De repente, a orquestra toca o Hino Nacional. O silêncio agora é profundo. Ouvia-se somente a música, símbolo da Pátria querida. Os emotivos faziam força para não chorar. Outros, recordavam terras distantes. Parentes que partiram para sempre.
Logo mais, chegaram os abraços. Lábios colavam-se nas taças de champanhe. Era a família reunida, democraticamente. Jovens e velhos. Todos, todos cantavam e dançavam saudando o ano que vinha do berço que se chama tempo.
Bem que essa missão não é minha. De escrever ou descrever uma festa, que não sou cronista social. Mas faço esse registro como secretário do meu querido Clube Fênix Alagoana, do clube da minha mocidade e de minha velhice. Faço esse registro como se estivesse redigindo uma ata.
E recordo. Recordo um passado gostoso. Dos dias bons. Dias maus. A segunda grande guerra envelopando minha geração em fardas do Exército. Os Natais que eram pretensiosos, envoltos no “Black-out”. Os submarinos nazistas, eram como hienas no fundo do mar, farejando a costa brasileira. Mas a velha Fênix nos aconchegava, e dentro de seus salões eu e meus colegas éramos novamente “fenianos”, fardados de branco. Esquecíamos o que de ruim nos esperava.

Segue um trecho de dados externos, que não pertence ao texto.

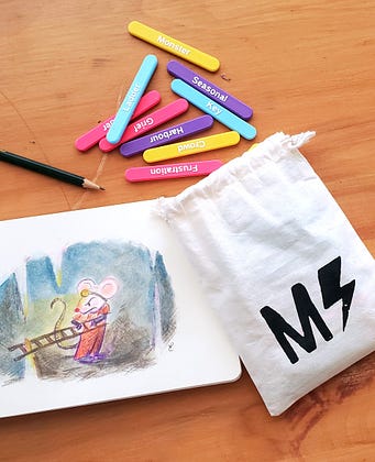 They're color-coded prompt sticks with words to shake you out of creative ruts, spark new ideas, or just make you play again (and ditch Pinterest for an afternoon!)
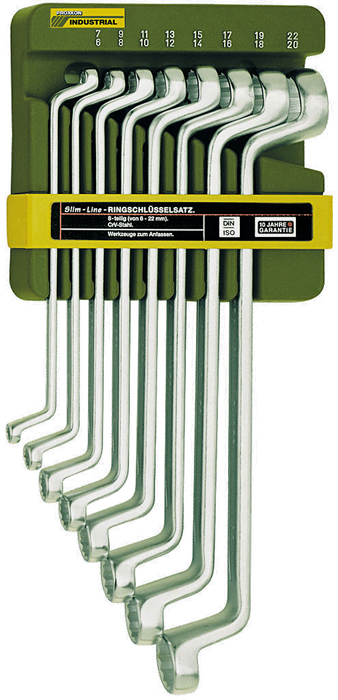 8-piece SlimLine double ring spanner set, including holder.
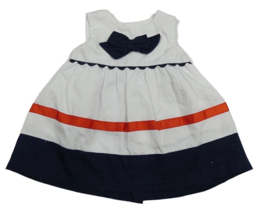 Bílo-tmavomodro-červené šaty s mašlí
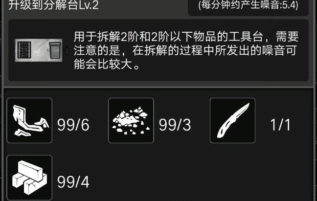 该建筑主要用于后期材料处理,最高可分解五阶装备或材料。前期资源有限,不建议优先升级,以免影响其他建筑发展和装备进阶进度。但到了游戏后期作用显著,可通过分解抽箱获得的闲置物品,如枪械、刀具等,回收资源,提升材料利用效率,是后期资源循环的重要设施。
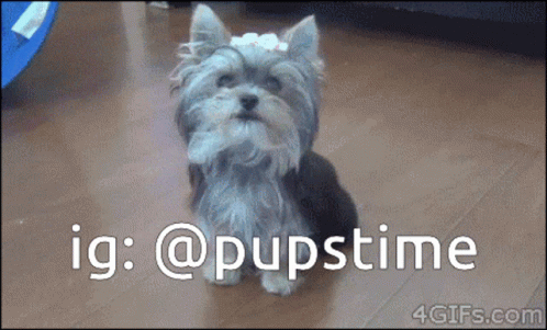 Innholdsbeskrivelse: a small dog with a bow on its head is sitting on a wooden floor with the words ig : @pupstime below it

Lá está nesta primeira madrugada de 1967 o Barnabé Oiticica. Não mais é o jovem tenente de artilharia. E’ o senhor casado, usineiro, cercado da esposa e filhos. O seu menino repete as façanhas do pai, e vem para o salão dançando com os brotos de hoje.
No meio dessa alegria, eu sinto falta de Hermann Almeida. Engulo uma dose de uísque. Quero afogar minha saudade. Matá-la. Esquecer. Brincar. Sorrir. Se a vida é tão curta e ninguém sabe qual o primeiro que partirá!

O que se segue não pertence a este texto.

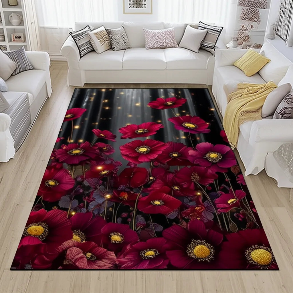 This rug features a dark, enchanting design with crimson flowers set against a backdrop of a dark forest. The golden accents add a touch of elegance, making it a captivating focal point for any room. It will add a touch of moody charm to your decor.
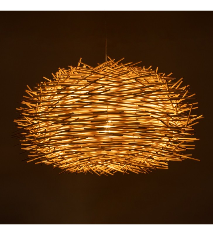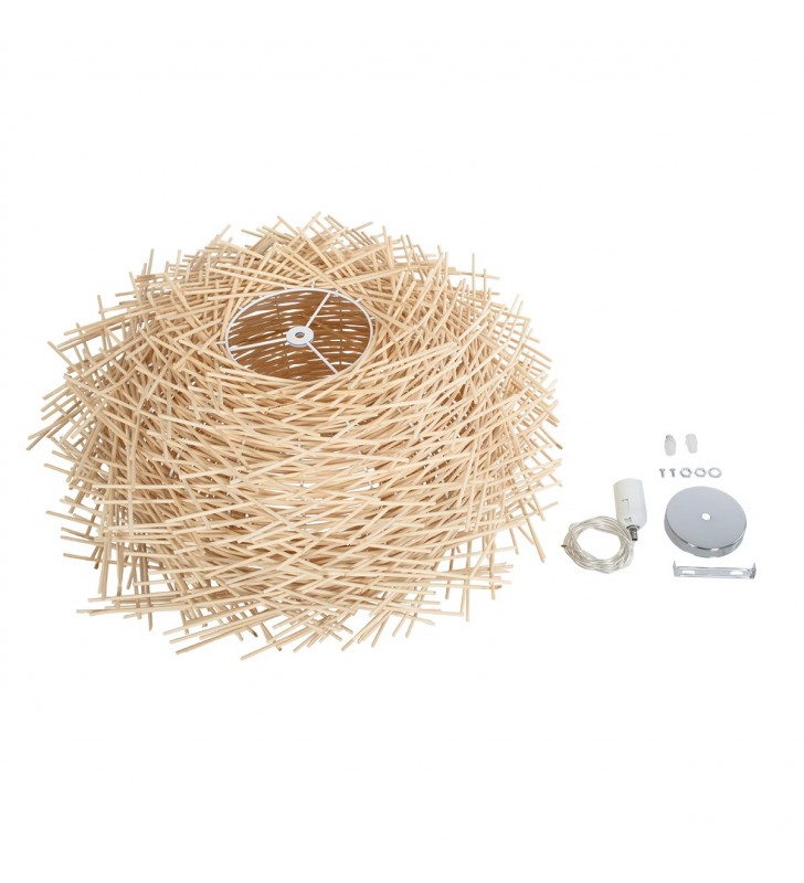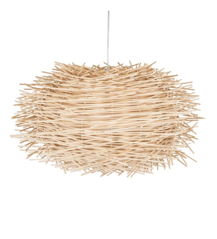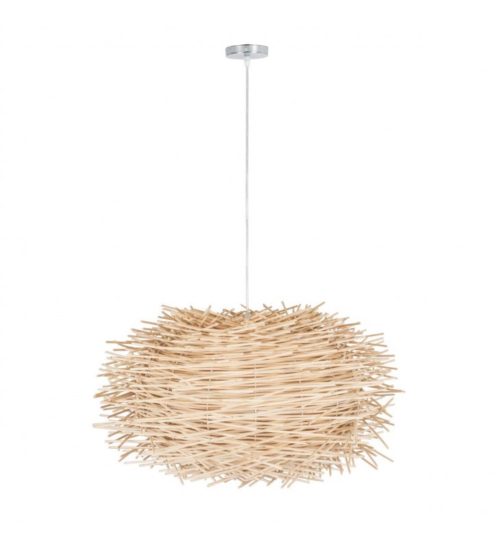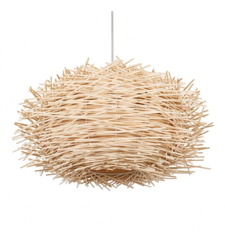 GloboStar® MINORCA 01731 Μοντέρνο Κρεμαστό Φωτιστικό Οροφής Μονόφωτο 1 x E27 Μπεζ Μπαμπού Καμπάνα Φ60 x Υ35cm
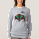Este é um "Um de um tipo" único T-Shirt de Manga Longa de Buffalo, de Buffalo! Ele apresenta uma Silhueta de Buffalo no Sudoeste Galopante e Sol no Sudoeste em Turquesa, Laranja e Negro!
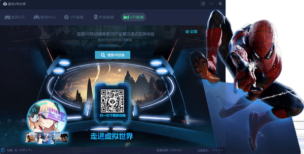 蓝光VR大师PC版客户端,是一款丰富的VR资源聚合平台软件,语言为中文,要求系统为Android 3.0.x以上。vr播放器(蓝光VR大师)是一款全球领先的VR虚拟现实应用视频管理程序,配合蓝光VR大师APP和PC端使用,为用户提供具有沉浸感的虚拟现实体验:观看3D,4D电影、全景视频与图片,体验沉浸式VR游戏。支持所有本地视频转换成VR视频观看。
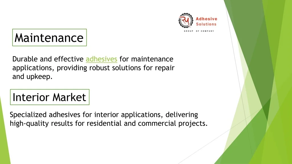 Maintenance Durable and effective adhesives for maintenance applications, providing robust solutions for repair and upkeep. Interior Market Specialized adhesives for interior applications, delivering high-quality results for residential and commercial projects.
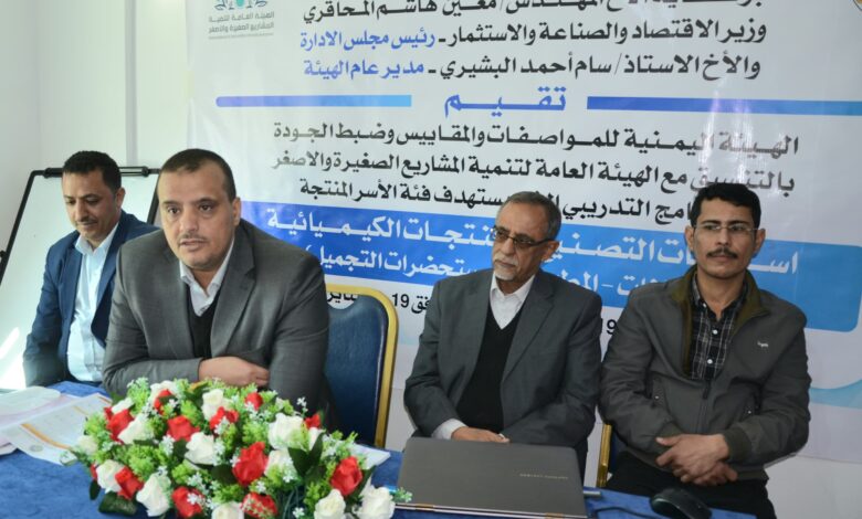 وفي الافتتاح أشار المدير التنفيذي للهيئة اليمنية للمواصفات والمقاييس وضبط الجودة سام أحمد البشيري إلى أهمية البرنامج لتعريف المشاركين وبناء قدراتهم في مجال تصنيع المنتجات الكيميائية وتعريفهم بمهارات طرق التحضير والتركيب وحساب نسب تصنيع المنظفات والمطهرات والمتطلبات الأساسية لتجهيز معامل إنتاج المنظفات وكذا المكونات المختلفة لمستحضرات التجميل .

Aos pouco, a velha e querida Fênix me domina. Chego a ser feliz. Estou com minha esposa, minha filha, meu futuro genro, meus irmãos, e meus sobrinhos. E devo tudo isso ao meu clube, que me retirou da cama, da meditação, me transformou num sujeito alegre, quando minutos antes, eu era uma espécie de escafandrista, mergulhado no fundo de um mar de recordações, vendo meu pai, minha mãe, meus amigos. Amigos como o motorista Franklin Bezerra – o seu Franco – quase um irmão, que durante tantos anos, nunca me largou.

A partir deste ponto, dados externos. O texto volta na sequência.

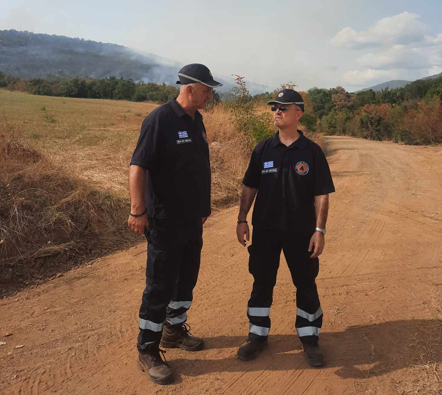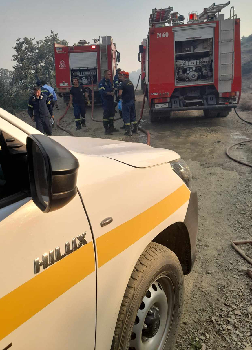 Ο αντιπεριφερειάρχης Ανδρέας Βεργίδης ο αναπληρωτής προϊστάμενος του τμήματος πολιτικής προστασίας Θεόδωρος Κοκκίνης και το στέλεχος του τμήματος Κλεαρέτη Πασσαλίδου βρέθηκαν στο σημείο όπου επιχειρούσαν επίγειες και εναέριες δυνάμεις για την κατάσβεση της πυρκαγιάς.
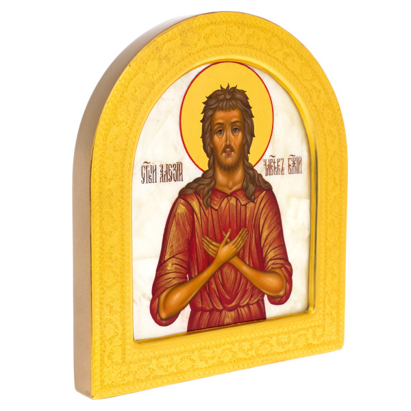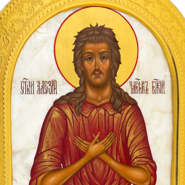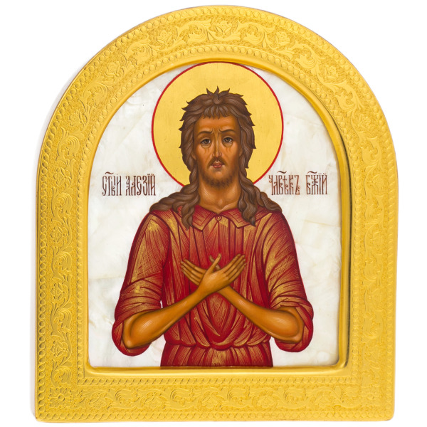 Икона, созданная на тончайших пластинах натурального перламутра и заключённая в объемную золочёную раму, являет собой произведение духовного и декоративного искусства, исполненное редкой чистоты и внутреннего достоинства. Мягкое сияние перламутра, на котором прописан образ святого Алексия Человека Божия, даёт особую глубину красочным слоям и подчёркивает тишину и сосредоточенность лика. Тёплый золотой ореол над головой, строгие складки одеяния, смиренный жест рук, скрещённых на груди, раскрывают характер святого, чья жизнь, исполненная служения и молитвы, нашла отражение в строгой и в то же время одухотворённой композиции.
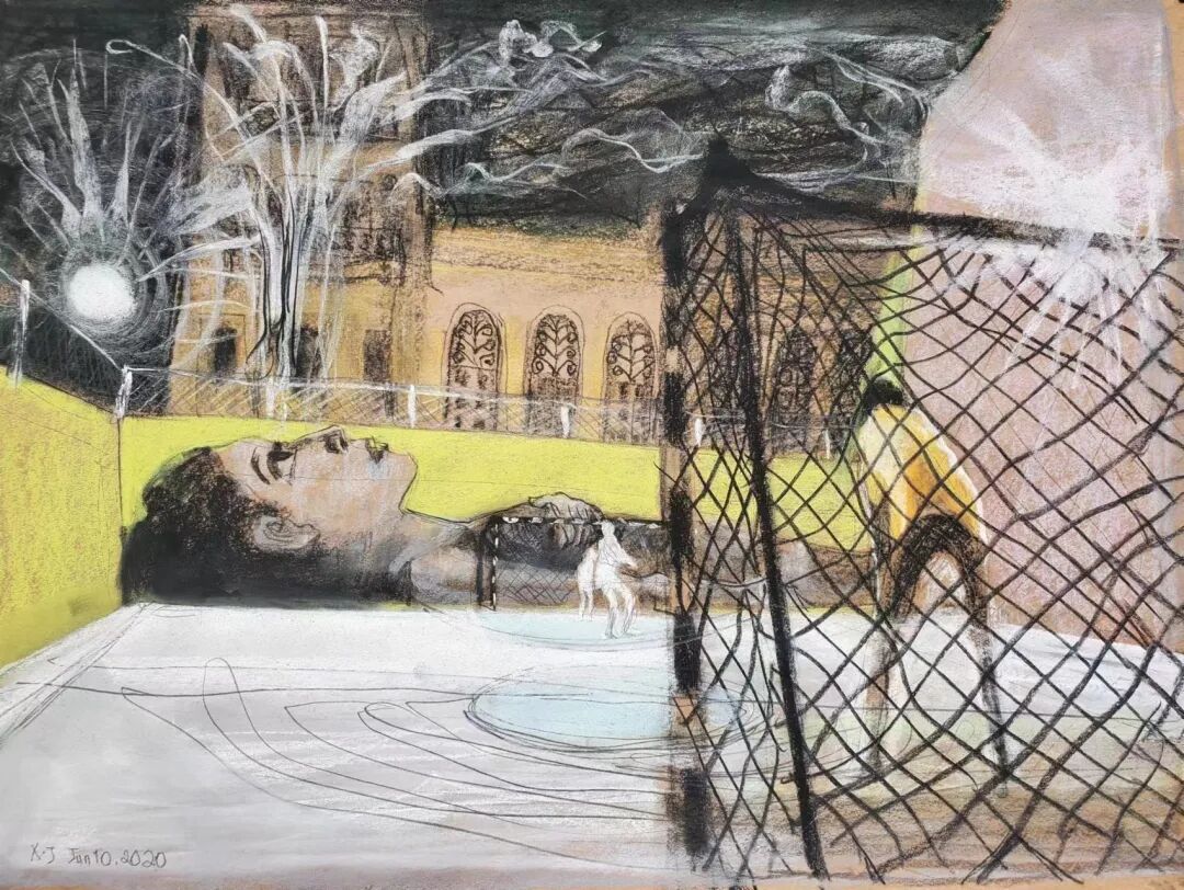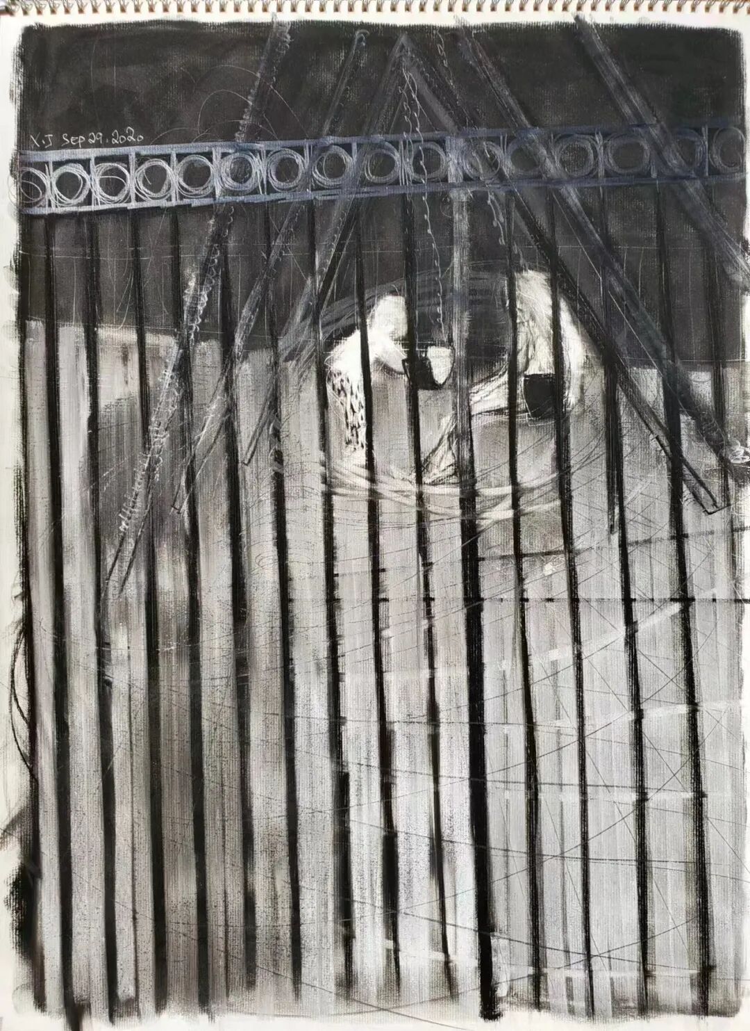 栅栏,61x46cm,2020,纸本色粉、炭精、木炭、铅笔
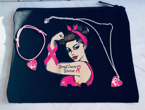 Pochette cadeau octobre rose parure collier cœur ruban Hope et bracelet doré

A Fênix é meu doce refúgio. Estou alegre, já agora quando a madrugada vem. Que bom a gente abraçar afetuosamente os conhecidos. Desejar a todos bons anos.
Repentinamente, ouço a voz do Presidente em exercício Ardel Jucá me convocando. Processa-se a eleição e posse da nova “glamour-girl” da Fênix, a linda menina-moça Laura Baia Quintela, um bibelô, um poema transformado em gente.
Mas a grande surpresa veio em seguida, quando Ardel Jucá, com sua voz compassada, disse:
Convido para vir até aqui o maior de todos os foliões “feniano”, o Sr. Luiz Ramalho de Castro.
Acredite leitor, quase que as palmas faziam tremer os alicerces do ginásio. Estava ali Luiz Ramalho, o seu Ramalho da Costeira, o folião dos grandes carnavais, o Rei Momo espontâneo que brinca com ingenuidade. O folião atravessou várias décadas fazendo o passo com sua esposa, seus filhos e netos.
Estava ali um homem digno, com os cabelos brancos como o de um Papai Noel, bondoso e generoso. Estava o seu Ramalho da Costeira que de seu bolso pagou muitas passagens para que jovens numa segunda classe fosse tentar a vida no sul, como aquele personagem cancioneiro popular que diz:
“Tomei o Ita no Norte”.
E foi essa a primeira emoção de alegria que experimentei neste ano de 1967. Quando o sol, que é um astro-rei, surgiu na avenida, prateando o mar, saudando o ano novo, eu pedi a Deus pelo meu povo, pelos meus amigos e até pelos meus inimigos, se é que os tenho. Era uma grande hora que devo registrar para a história social de minha terra. O Ardel Jucá convocando um outro Rei, Rei do Carnaval, Rei da Alegria, Rei pela bondade de seu coração, pela sua popularidade espontânea. O seu Luiz Ramalho, era ali, naquela festa de confraternização, a mais humana figura que encheu de satisfação, de prazer aquele mundo de gente que registrou com suas palmas – palmas dos jovens e velhos – que saudaram com o ano novo A VOLTA DO FENIANO.